▶ _Task to complete_:
Transcribe the entries below without alteration.

(Source data Opens)

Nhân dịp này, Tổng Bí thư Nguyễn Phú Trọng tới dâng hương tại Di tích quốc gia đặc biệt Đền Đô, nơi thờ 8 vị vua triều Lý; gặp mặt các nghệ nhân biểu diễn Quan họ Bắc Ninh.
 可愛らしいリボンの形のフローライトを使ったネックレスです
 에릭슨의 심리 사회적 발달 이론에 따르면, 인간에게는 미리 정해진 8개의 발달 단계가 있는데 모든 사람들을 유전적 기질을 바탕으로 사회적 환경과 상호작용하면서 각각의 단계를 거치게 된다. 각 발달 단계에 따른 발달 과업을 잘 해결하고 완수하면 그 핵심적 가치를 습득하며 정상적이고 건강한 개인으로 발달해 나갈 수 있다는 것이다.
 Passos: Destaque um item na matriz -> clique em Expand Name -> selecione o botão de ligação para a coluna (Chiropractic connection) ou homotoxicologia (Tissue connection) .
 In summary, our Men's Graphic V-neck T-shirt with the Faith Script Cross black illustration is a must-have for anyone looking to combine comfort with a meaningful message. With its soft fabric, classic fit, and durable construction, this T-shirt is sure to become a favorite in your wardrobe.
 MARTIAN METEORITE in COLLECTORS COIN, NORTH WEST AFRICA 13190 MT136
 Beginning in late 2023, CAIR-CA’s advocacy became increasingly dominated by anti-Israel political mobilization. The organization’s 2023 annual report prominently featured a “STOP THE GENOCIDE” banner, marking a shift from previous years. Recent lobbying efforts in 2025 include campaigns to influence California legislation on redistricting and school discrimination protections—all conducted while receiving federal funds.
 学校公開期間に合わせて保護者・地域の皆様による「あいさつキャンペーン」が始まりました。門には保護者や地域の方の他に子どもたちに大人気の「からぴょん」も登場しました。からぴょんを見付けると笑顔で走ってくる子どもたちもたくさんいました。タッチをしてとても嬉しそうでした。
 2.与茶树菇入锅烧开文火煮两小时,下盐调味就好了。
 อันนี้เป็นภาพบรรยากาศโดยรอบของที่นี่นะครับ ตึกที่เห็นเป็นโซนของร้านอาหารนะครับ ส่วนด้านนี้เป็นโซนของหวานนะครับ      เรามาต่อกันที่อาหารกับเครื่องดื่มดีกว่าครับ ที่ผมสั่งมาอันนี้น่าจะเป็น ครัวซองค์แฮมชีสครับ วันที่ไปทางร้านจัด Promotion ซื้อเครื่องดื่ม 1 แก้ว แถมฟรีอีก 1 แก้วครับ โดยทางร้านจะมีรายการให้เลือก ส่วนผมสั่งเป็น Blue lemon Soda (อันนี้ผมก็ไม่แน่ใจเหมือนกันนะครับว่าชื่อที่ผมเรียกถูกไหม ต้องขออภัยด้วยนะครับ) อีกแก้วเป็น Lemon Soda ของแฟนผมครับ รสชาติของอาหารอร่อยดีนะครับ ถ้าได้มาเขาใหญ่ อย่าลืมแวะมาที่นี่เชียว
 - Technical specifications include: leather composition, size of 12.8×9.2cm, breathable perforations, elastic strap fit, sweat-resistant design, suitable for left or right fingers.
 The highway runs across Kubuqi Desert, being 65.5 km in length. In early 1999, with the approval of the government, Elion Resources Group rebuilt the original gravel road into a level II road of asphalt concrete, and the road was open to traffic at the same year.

(Source data Closes)

▶ _Written response_:
Nhân dịp này, Tổng Bí thư Nguyễn Phú Trọng tới dâng hương tại Di tích quốc gia đặc biệt Đền Đô, nơi thờ 8 vị vua triều Lý; gặp mặt các nghệ nhân biểu diễn Quan họ Bắc Ninh.
 可愛らしいリボンの形のフローライトを使ったネックレスです
 에릭슨의 심리 사회적 발달 이론에 따르면, 인간에게는 미리 정해진 8개의 발달 단계가 있는데 모든 사람들을 유전적 기질을 바탕으로 사회적 환경과 상호작용하면서 각각의 단계를 거치게 된다. 각 발달 단계에 따른 발달 과업을 잘 해결하고 완수하면 그 핵심적 가치를 습득하며 정상적이고 건강한 개인으로 발달해 나갈 수 있다는 것이다.
 Passos: Destaque um item na matriz -> clique em Expand Name -> selecione o botão de ligação para a coluna (Chiropractic connection) ou homotoxicologia (Tissue connection) .
 In summary, our Men's Graphic V-neck T-shirt with the Faith Script Cross black illustration is a must-have for anyone looking to combine comfort with a meaningful message. With its soft fabric, classic fit, and durable construction, this T-shirt is sure to become a favorite in your wardrobe.
 MARTIAN METEORITE in COLLECTORS COIN, NORTH WEST AFRICA 13190 MT136
 Beginning in late 2023, CAIR-CA’s advocacy became increasingly dominated by anti-Israel political mobilization. The organization’s 2023 annual report prominently featured a “STOP THE GENOCIDE” banner, marking a shift from previous years. Recent lobbying efforts in 2025 include campaigns to influence California legislation on redistricting and school discrimination protections—all conducted while receiving federal funds.
 学校公開期間に合わせて保護者・地域の皆様による「あいさつキャンペーン」が始まりました。門には保護者や地域の方の他に子どもたちに大人気の「からぴょん」も登場しました。からぴょんを見付けると笑顔で走ってくる子どもたちもたくさんいました。タッチをしてとても嬉しそうでした。
 2.与茶树菇入锅烧开文火煮两小时,下盐调味就好了。
 อันนี้เป็นภาพบรรยากาศโดยรอบของที่นี่นะครับ ตึกที่เห็นเป็นโซนของร้านอาหารนะครับ ส่วนด้านนี้เป็นโซนของหวานนะครับ      เรามาต่อกันที่อาหารกับเครื่องดื่มดีกว่าครับ ที่ผมสั่งมาอันนี้น่าจะเป็น ครัวซองค์แฮมชีสครับ วันที่ไปทางร้านจัด Promotion ซื้อเครื่องดื่ม 1 แก้ว แถมฟรีอีก 1 แก้วครับ โดยทางร้านจะมีรายการให้เลือก ส่วนผมสั่งเป็น Blue lemon Soda (อันนี้ผมก็ไม่แน่ใจเหมือนกันนะครับว่าชื่อที่ผมเรียกถูกไหม ต้องขออภัยด้วยนะครับ) อีกแก้วเป็น Lemon Soda ของแฟนผมครับ รสชาติของอาหารอร่อยดีนะครับ ถ้าได้มาเขาใหญ่ อย่าลืมแวะมาที่นี่เชียว
 - Technical specifications include: leather composition, size of 12.8×9.2cm, breathable perforations, elastic strap fit, sweat-resistant design, suitable for left or right fingers.
 The highway runs across Kubuqi Desert, being 65.5 km in length. In early 1999, with the approval of the government, Elion Resources Group rebuilt the original gravel road into a level II road of asphalt concrete, and the road was open to traffic at the same year.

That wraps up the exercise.